Ein Musikinstrument üben ist etwas Wunderbares. Es fördert Konzentration, Geduld, Ausdruckskraft und Freude. Aber viele Schüler stellen sich irgendwann dieselbe Frage:

Wie übe ich eigentlich richtig?

Denn einfach nur ein Stück zehnmal von Anfang bis Ende durchzuspielen, bringt oft weniger, als man denkt. Man spielt zwar viel, aber man verbessert nicht unbedingt das, was wirklich noch unsicher ist.

Effizient üben bedeutet nicht, möglichst lange zu üben. Es bedeutet, bewusst zu üben. Mit Aufmerksamkeit, Struktur und Freude.

1. Die Struktur der Musik verstehen

Bevor man ein Stück wirklich gut spielen kann, sollte man es verstehen.

Musik ist nicht nur eine Reihe von Tönen. Musik hat eine Form, eine Richtung, eine Logik. Es gibt Abschnitte, Fragen und Antworten, Wiederholungen, Kontraste, Spannungen und Entspannungen.

Deshalb lohnt es sich, zuerst zu schauen:

Wie ist das Stück aufgebaut?

Gibt es einen Anfangsteil? Kommt dieser Teil später wieder? Gibt es einen Mittelteil? Gibt es eine Stelle, die besonders wichtig klingt?

Wer die Struktur erkennt, übt nicht mehr blind. Man weiß besser, wo man sich gerade befindet und warum eine Stelle so klingt, wie sie klingt.

Das macht das Üben leichter und musikalischer.
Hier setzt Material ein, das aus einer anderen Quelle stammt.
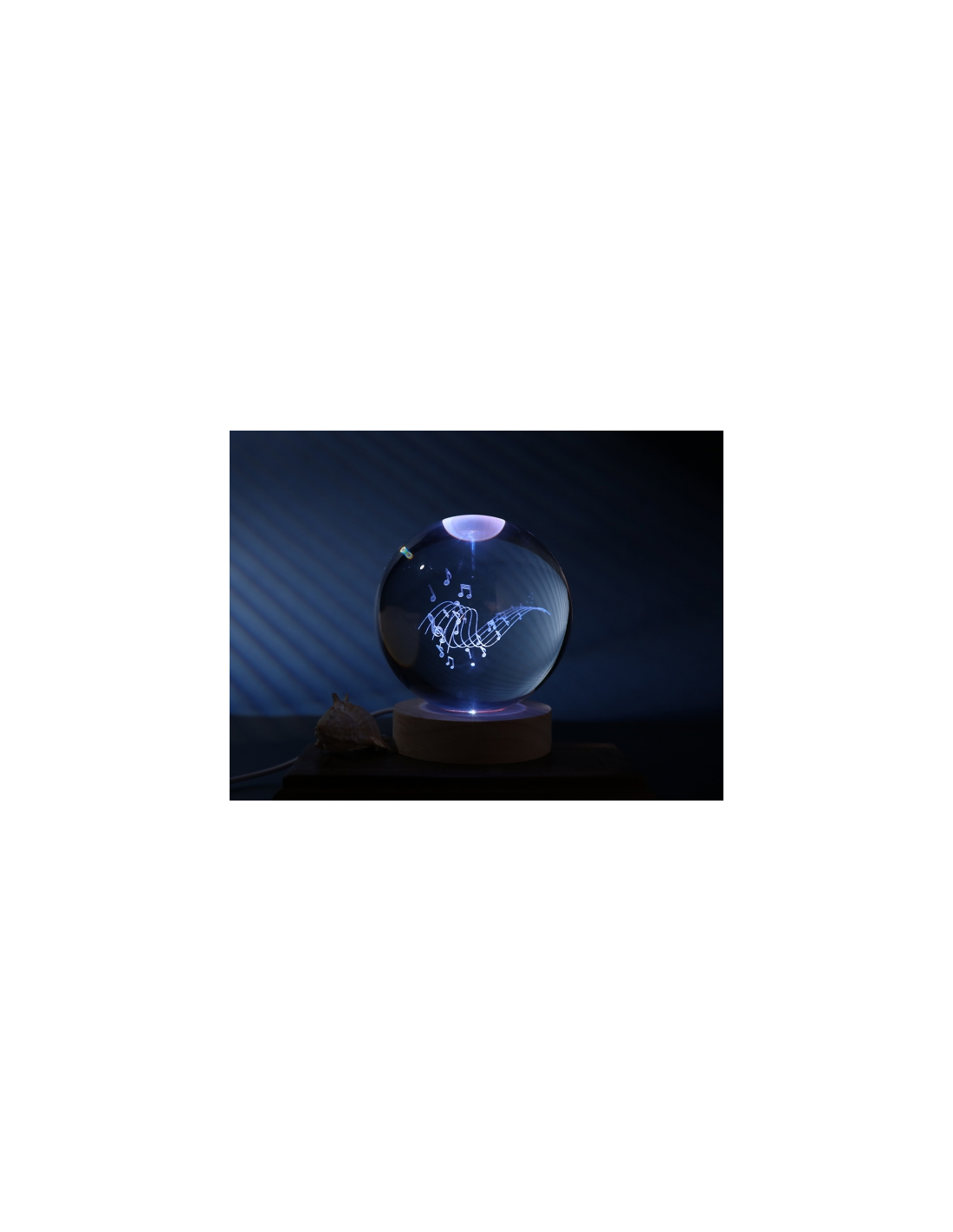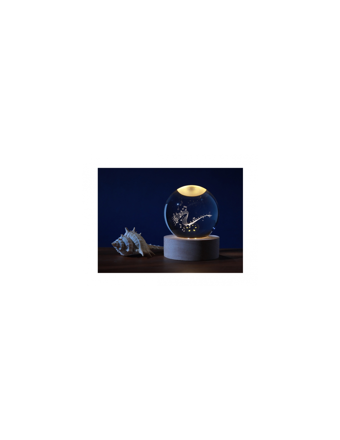 Un globo luminoso dal design elegante e moderno che racchiude uno spartito musicale inciso, creando un effetto incantevole quando acceso.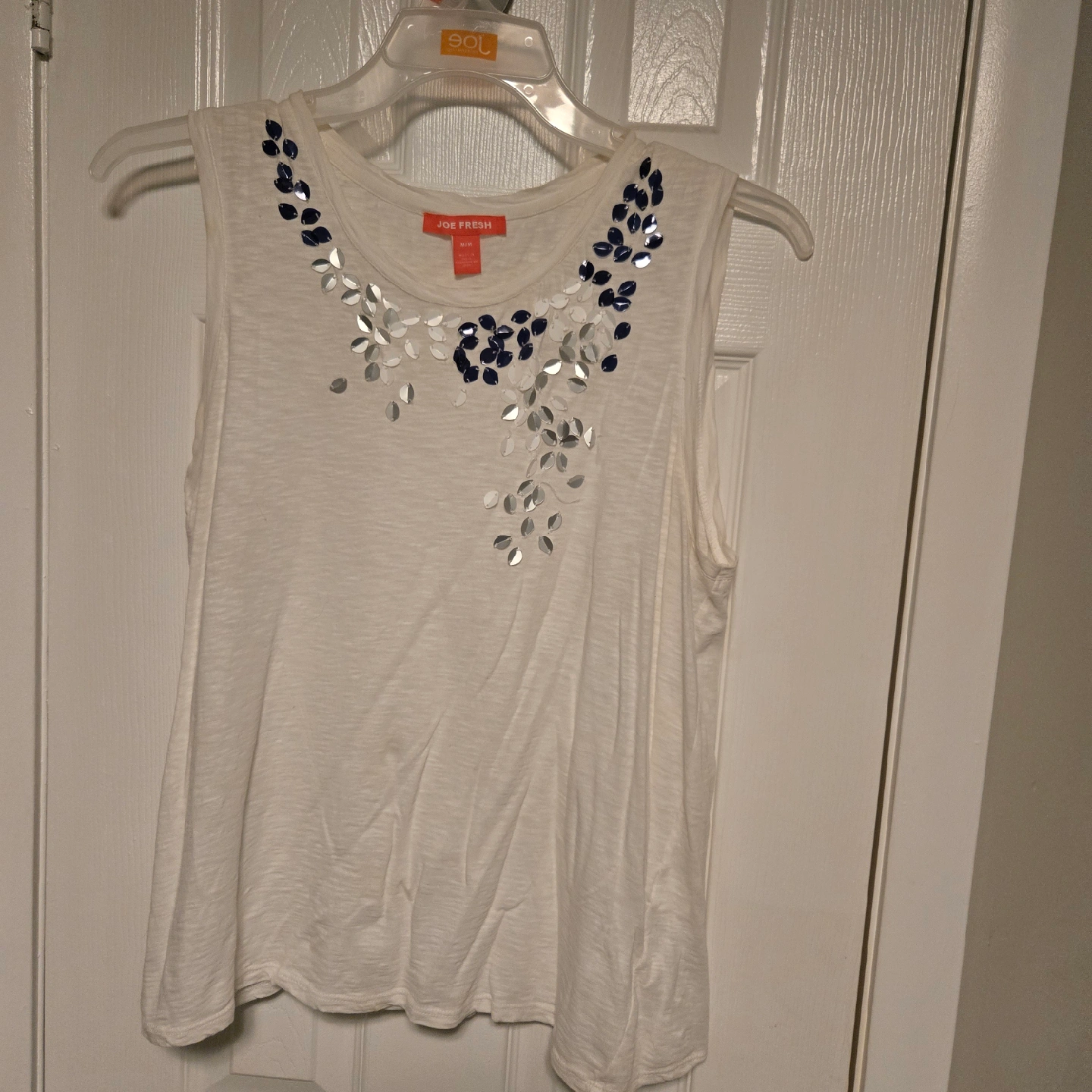 Cute Joe Fresh white tank top with a fun sequin design! It's a size medium and in great condition.

2. Wiederholungen und Änderungen erkennen

In vielen Musikstücken wiederholen sich Motive, Takte oder ganze Abschnitte.

Das ist eine große Hilfe.

Denn wenn man erkennt: „Ah, diese Stelle kenne ich schon“, muss man nicht alles wie etwas Neues behandeln. Man kann Verbindungen herstellen.

Aber Vorsicht: Oft ist eine Wiederholung nicht ganz identisch. Vielleicht ist ein Ton anders. Vielleicht verändert sich der Rhythmus. Vielleicht kommt eine andere Begleitung dazu.

Darum ist es wichtig, genau hinzuschauen:

Was ist gleich? Was ist anders?

Diese Frage spart viel Übezeit. Man merkt schneller, welche Stellen wirklich neu sind und welche man schon fast kann.

3. Akkorde erkennen

Auch wenn man kein Theorieexperte ist, lohnt es sich, Akkorde zu erkennen.

Akkorde geben der Musik ein Fundament. Sie zeigen, wohin die Musik geht. Besonders bei Gitarre, Klavier oder anderen Harmonieinstrumenten ist das sehr hilfreich.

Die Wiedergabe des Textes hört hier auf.